Playbook 1: ROA poisoning¶
When this alert fires, RPKI validation state has shifted without a corresponding routing event. The attack has not started; the conditions for it are being arranged.
Immediate actions:
Flag the affected prefix for heightened BMP monitoring. Any subsequent announcement for that prefix warrants escalated scrutiny.
Review recent ROA changes with the responsible registry or RIR. Unexpected creation, modification, or early expiry of a ROA is the primary signal to investigate.
Prepare prefix-specific filters or de-preference rules in advance, before a routing event materialises.
This alert fires rarely when the baseline is correct. If it fires often, the historical baseline or validator configuration is worth reviewing first.
Escalation: any BGP announcement for the affected prefix following a Playbook 1 alert moves the incident to Playbook 2 or Playbook 3.
Playbook 2: Multi-stage BGP attack¶
When this alert fires, the full attack sequence has occurred or is in progress: announcement, validation endorsement, route acceptance, and likely withdrawal. The window for interception is narrow.
Immediate actions:
Apply prefix filtering or de-preference for the affected prefix on border routers.
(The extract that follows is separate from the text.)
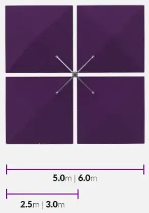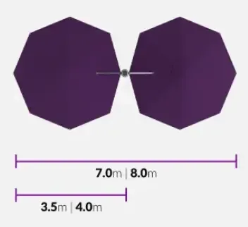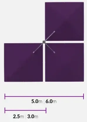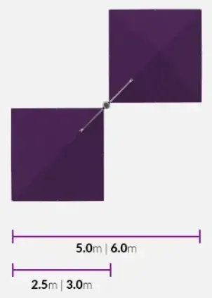 Two canopies positioned diagonally, choose between 2.5 m or 3.0 m canopies.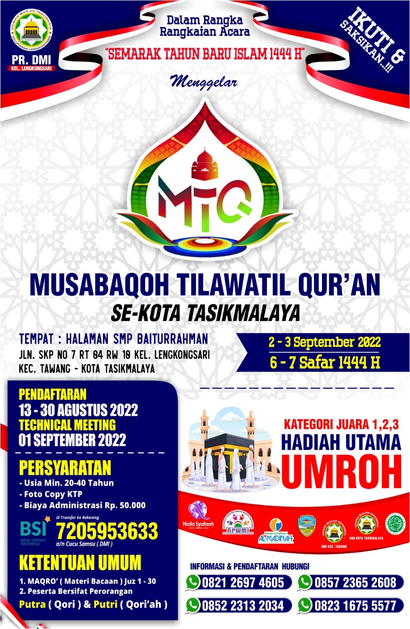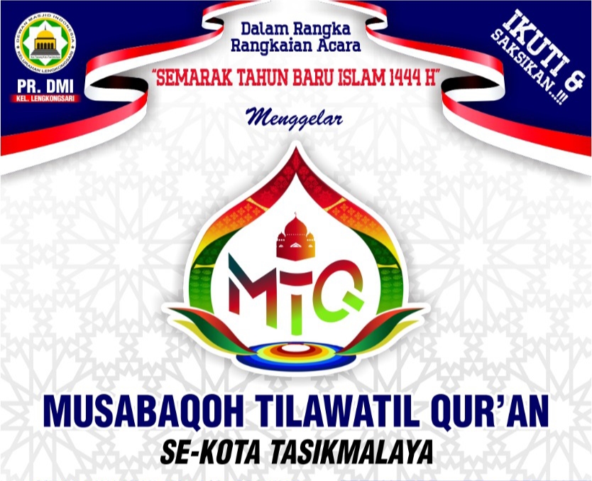 Kota.Tasik (kilangbara.com)-Dalam rangka rangkaian acara semarak tahun baru islam 1444 hijriah. PR Dewan Mesjid Indonesia (DMI) Kelurahan Lengkongsari, Kecamatan Tawang, Kota Tasikmalaya akan mengelar MTQ se-Kota Tasikmalaya. Lomba tersebut, bakal diadakan dihalaman, SMP Baiturrahman di Jalan SKP Nomor 07 RT 04 RW 10 Kelurahan Lengkongsari, Kecamatan Tawang, Kota Tasikmalaya, 2-3 September 2022.

This limits further traffic redirection while the incident is investigated.
Reroute traffic away from affected paths where alternatives exist.
Escalate as a routing security incident, not a misconfiguration.
Follow-on:
Document the full event sequence: AS_PATH, origin AS, announcement and withdrawal timestamps, and which validators endorsed the route.
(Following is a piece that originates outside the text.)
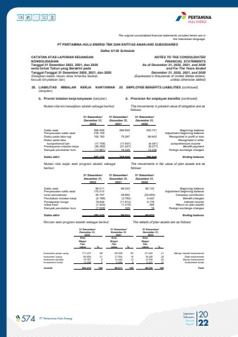 574 PT Pertamina Hulu Energi 2022Laporan TahunanAnnual ReportThe original consolidated financial statements included herein are in the Indonesian language.PT PERTAMINA HULU ENERGI TBK DAN ENTITAS ANAK/AND SUBSIDIARIES Daftar 5/135 ScheduleCATATAN ATAS LAPORAN KEUANGANKONSOLIDASIANTanggal 31 Desember 2022, 2021, dan 2020serta Untuk Tahun yang Berakhir padaTanggal-Tanggal 31 Desember 2020, 2021, dan 2020(Disajikan dalam ribuan dolar Amerika Serikat, kecuali dinyatakan lain)NOTES TO THE CONSOLIDATEDFINANCIAL STATEMENTSAs of December 31, 2022, 2021, and 2020and For The Years Ended December 31, 2022, 2021, and 2020 (Expressed in thousands of United States dollars,unless otherwise stated)25. LIABILITAS IMBALAN KERJA KARYAWAN (lanjutan)25. EMPLOYEE BENEFITS LIABILITIES (continued)b. Provisi imbalan kerja karyawan (lanjutan) b. Provision for employee benefits (continued)Mutasi nilai kini kewajiban adalah sebagai berikut: The movements in present value of obligation are as follows: 31 Desember/ 31 Desember/ 31 Desember/ December 31, December 31, December 31, 2022 2021 2020 Saldo awal 308.948 266.840 200.721 Beginning balancePenyesuaian saldo awal 218.109 - - Adjustment beginning balanceDiakui pada laba rugi 105.160 75.267 66.642 Recognized in profit or lossDiakui pada laba Recognized in otherkomprehensif lain (17.709) (17.937) (6.481) comprehensive incomePembayaran imbalan kerja (39.392) (31.547) (8.277) Benefit paymentDampak perubahan kurs (17.891) 16.325 14.235 Foreign exchange changesSaldo akhir 557.225 308.948 266.840 Ending balanceMutasi nilai wajar aset program adalah sebagai berikut:The movements in fair value of plan assets are as follows: 31 Desember/ 31 Desember/ 31 Desember/ December 31, December 31, December 31, 2022 2021 2020 Saldo awal 99.011 66.033 80.132 Beginning balancePenyesuaian saldo awal 174.414 - - Adjustment beginning balanceIuran perusahaan 20.707 49.664 (25.093) Company contributionPerubahan imbalan kerja (5.786) (3.782) 5.442 Benefit changesPendapatan bunga 19.646 (11.814) 5.178 Interest incomeImbal hasil (7.523) (1.419) 356 Return on plan assetsDampak perubahan kurs (7.059) 329 18 Foreign exchange changesSaldo akhir 293.410 99.011 66.033 Ending balanceRincian aset program adalah sebagai berikut: The details of plan assets are as follows: 31 Desember/ 31 Desember/ 31 Desember/ December 31, December 31, December 31, 2022 2021 2020 Nilai Nilai Nilai Wajar/ Wajar/ Wajar/ Fair Fair Fair value % value % value % Instrumen pasar uang 171.437 58 62.528 63 27.245 41 Money market instrumentsInstrumen utang 90.690 31 17.554 18 19.449 29 Debt instrumentsInstrumen ekuitas 16.787 6 12.440 13 12.918 20 Equity instrumentsInvestment funds 14.496 5 6.489 6 6.421 10 Investment funds Jumlah 293.410 100 99.011 100 66.033 100 Total

Audit ROAs for the affected prefix with the responsible registry or RIR.
Review trust anchors for the autonomous system involved.
Playbook 3: RPKI cover hijack¶
When this alert fires, a prefix has been announced under valid RPKI cover and subsequently withdrawn, consistent with tactical rather than operational use. Routing trust has been successfully abused.
Immediate actions:
Treat as a control-plane security incident, not a misconfiguration or operator error.
Apply immediate prefix filtering or de-preference on affected peers.
Audit ROAs and trust anchors for the hijacked prefix.
Follow-on:
Increase monitoring for related prefixes and AS paths. A confirmed cover hijack may be one event in a longer campaign.
Retain all correlated log evidence: BMP events, validator responses, and timing data.
This is late-stage detection. The route was active; any traffic redirection has already occurred. The response value is containment, attribution, and preventing recurrence.
Testing and validation¶
The red-lantern-sim generates deterministic telemetry for all three playbooks. Running a scenario through the simulator and confirming that the corresponding correlation fires is the practical way to verify detection coverage before relying on it in production.
Playbook 3 practice telemetry is in examples/playbook3-practice.json in the simulator repository.
The training variant (playbook3-training.json) adds annotated debug lines and is more useful for
initial analyst familiarisation than for rule validation.